Victorio agrees with Auchterlonie that a less-than-competent successor, often enabled by a sense of entitlement and the failure of rank-and-file management to expose to the owner his or her lack of qualification for the heir apparent role, is a common problem. Facing it is also among the most emotionally wrenching aspects of succession, she adds.
Yet another emotional issue, one that is often ignored, the experts say, is that the son or daughter or other family member designated as successor actually does not want the job, but a lack of communication or pressure from a parent facilitates an unfortunate circumstance that quickly becomes a catalyst for failure.
As a result, Victorio says, a growing trend is a “succession bridge,” meaning that the plan skips a generation but keeps the business in the family. Typically, an outside CEO is recruited to run the business while a grandchild completes business school and then works in a training or mentoring program under the tutelage of the interim executive until he or she is ready to assume command.

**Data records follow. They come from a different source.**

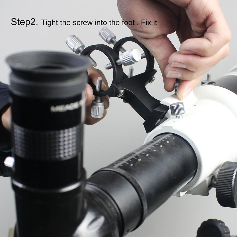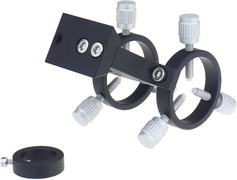 إذا كان لديك مؤشر ليزر، وترغب في استخدامه على التلسكوب الخاص بك كمكتشف، فإن دعامة الليزر المعدنية ذات الحلقة المزدوجة هذه ستفي بالغرض. تحتوي قاعدة الدعامة على فتحة محفورة مقاس 1/4 بوصة تناسب معظم مجموعات الأنابيب البصرية للتلسكوب. يمكنك إجراء تعديلات ثلاثية النقاط على محاذاة مؤشر الليزر باستخدام ستة مقابض مخرشة كبيرة الحجم لتسهيل الأمر يمكنك التعامل معها في الظلام أو باستخدام القفازات، وستقبل الحلقات معظم مؤشرات الليزر، ويمكن إزالتها بسرعة عندما لا يكون التلسكوب الخاص بك قيد الاستخدام، بحيث يمكنك استخدام مؤشر الليزر الخاص بك لمهام أخرى.
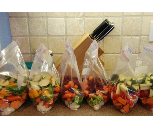 23.สำหรับแม่บ้านที่ต้องทำงานนอกบ้านด้วย เตรียมเครื่องปรุงอาหารหั่นผักและเนื้อให้พร้อม แล้วแยกใส่ถุงซิปล็อกไว้เป้นแต่ละวันหรือแต่ละจาน หยิบถุงที่ต้องการออกมาปรุงสุกทีละถุงประหยัดเวลาวุ่นวายยามเช้า หรือเย็นหลังเลิกงาน
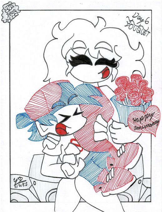 Inktober 2022 Day 6: Bouquet I realized that it's the 2nd Anniversary of FNF Yesterday so uhh, here's the Wholesome Couple that took over Newgrounds :> Anyways, Happy 2nd Anniversary, FNF :D #inktober #inktober2022 #inktober2022day6 #fridaynightfunkin #Anniversary
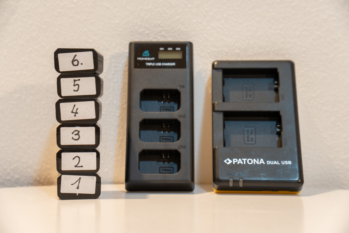Nabíječka Patona (2 sloty), nabíječka Homesuit (3 sloty), 6× baterie — 1 000 Kč

But if in doubt about the existence of a competent successor who has the requisite ambition and drive to shoulder the long-term burden of a business, the best course is usually to sell the company at the peak of its value, the experts say.
Meeting the challenge
More than anything else, perception and attitude determine the success of a succession plan. “The important thing to understand is that succession planning is a process,” says Victorio. “It is not a project. It does not have an end date.”
Key components of a solid plan include a realistic understanding of where the business is today – its strengths and weaknesses – and where the owner wants it to go, as well as a careful assessment of who is the best successor. Often, that means looking outside the family or current management team.
But the grand tradition is for a capable successor to carry on for the family and build the value of the company. Sumita Batra, CEO of Ziba Beauty, a chain of specialty salons in southern California, has endured a succession process for the past four years. Since she took over four years ago, a partnership that includes her mother – the founder of the business – husband, sister and brother has successfully doubled the size of the company, from six stores to 12.
The most important lesson Batra has learned, in going through a transition she acknowledges has been difficult at times, is that a family bond and shared trust are more important than anything else. “Blind trust must exist between the family members to come out of a process like this without damaging your family relationships,” she says. “And you have to put the emotion aside. What I learned is that you can go through a very, very tough experience and instead of getting distant, you can actually become even closer. And the business can grow and become even more successful.”